Naspers profit slows on internet strategyComment on this story
Naspers reported the slowest full-year profit growth in six years yesterday as the media provider invests in Chinese internet and African television businesses.
“China as an internet market is clearly the largest in the world by far and the growth rate outstrips mature markets,” chief executive Bob Van Dijk said. The industry “is still in early days despite its enormous size, so exposure is something that I’m very bullish about.”
Adjusted net income at Africa’s largest firm by market value rose 1 percent to R8.6 billion in the year to March. The group also announced a R1.6bn impairment charge after e-commerce units including Markafoni of Turkey missed targets.
Naspers, which owns stakes in Hong Kong’s Tencent and Russian internet firm Mail.ru, is reporting its first earnings under Van Dijk, who replaced billionaire Koos Bekker as chief last month. The company planned to spend R7bn to expand digital TV access in Africa and to boost e-commerce unit.
“We [see] opportunities that require investment,” Van Dijk said. “Over time what is sure is that we will see long-term returns that are encouraging. We are very excited about our holding in Tencent and have no intentions of changing it.”
Dwayne Dippenaar, an analyst at Old Mutual Investments, said the flat headline earnings were disappointing relative to market expectations, but the Naspers story, excluding Tencent, was about investing in the e-commerce business through increasing development spend, with a focus on the online classified business to build future revenue opportunities.
“We can expect muted earnings growth in the short term as the company invests in [its] e-commerce portfolio with a view to monetise these businesses in the medium to long term,” he said.

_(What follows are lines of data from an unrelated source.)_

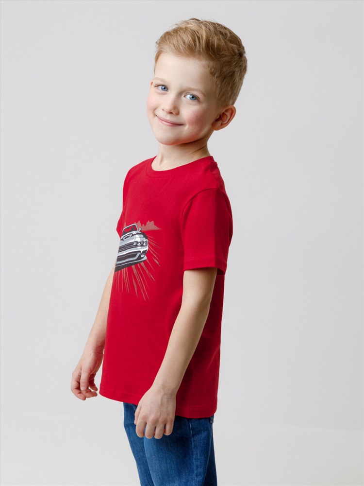 Трикотажная футболка для мальчика из натурального хлопка. Оригинальный принт выполнен из стойких текстильных гипоаллергенных красителей. Изделие сохраняет цвет и форму после многократных стирок.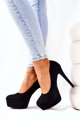 Klasyczne Zamszowe Szpilki Na Platformie Czarne Silly
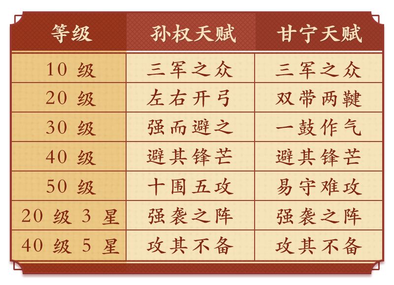 孙权与甘宁的天赋搭配如下表: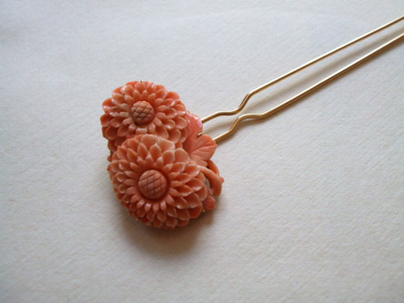 菊かんざし 金・珊瑚 昭和初期 36,750円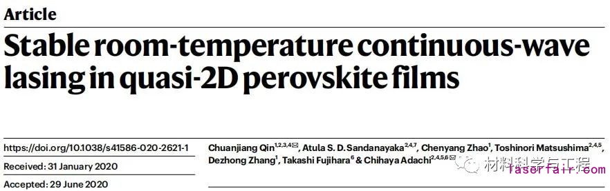 近日,中國科學院長春應用化學研究所秦川江研究員和日本九州大學Chihaya Adachi教授領導的研究團隊(共同通訊作者)研究了具有不同有機陽離子的基於(yu) 鹵化鉛的準2D鈣鈦礦薄膜,而且在放大自發發射、光泵浦脈衝(chong) 以及連續激光中觀察到長壽命的三重態激子顯著地阻礙了粒子數反轉。研究結果表明,單線態三重態激子湮沒是導致激光死亡的一種可能的內(nei) 在機製。通過使用具有高質量因子的分布式反饋腔,並應用三重態管理策略,可以在室溫下在空氣中連續光泵浦下獲得穩定的準2D鈣鈦礦綠色準激光器。相關(guan) 研究成果以“Stableroom-temperature continuous-wave lasing in quasi-2D perovskite films”為(wei) 題於(yu) 2020年9月2日在線發表在Nature上。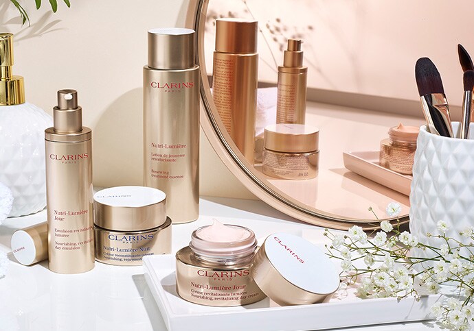 Forte de 65 ans de savoir-faire dans l’art de la formulation, la recherche Clarins innove en associant dans la formule des soins Nutri-Lumière des extraits puissants de fleurs et de fruits du marronnier d’Inde, symbole de longévité et de renaissance.

He believed the company was following the right strategy to create shareholder value for the long term. Media24 and Abril were small assets in the bigger Naspers picture and the lower profit of Media24 and the write-off of Abril were not a key focus area of the market.
There were no plans to relocate Naspers’s Cape Town base or its listing on the JSE.
Naspers shares declined as much as 6.3 percent yesterday, the most since April 11, and closed 4.96 percent lower at R1 206.93 in Johannesburg.
Bekker, who will become chairman next year, did not receive a cash salary or bonus and was paid entirely in company stock. That helped him build a personal fortune of $1.8bn (R19bn).
Van Dijk’s compensation would differ from Bekker’s but would retain a bias towards company performance.
Subscribers to Naspers’ pay-TV grew 1.3 million to 8 million homes. Revenue rose 26 percent to R62.7bn as internet sales added 65 percent.
E-commerce units, including FashionDays, Brandsclub and Markafoni, missed targets, the company said. Naspers also wrote down its investment in Brazilian publisher Abril.
Van Dijk, who left US online trading firm eBay last year to join Naspers as head of e-commerce, said: “We’ll keep looking at merger and acquisition opportunities and we’ll be scrubbing them carefully.”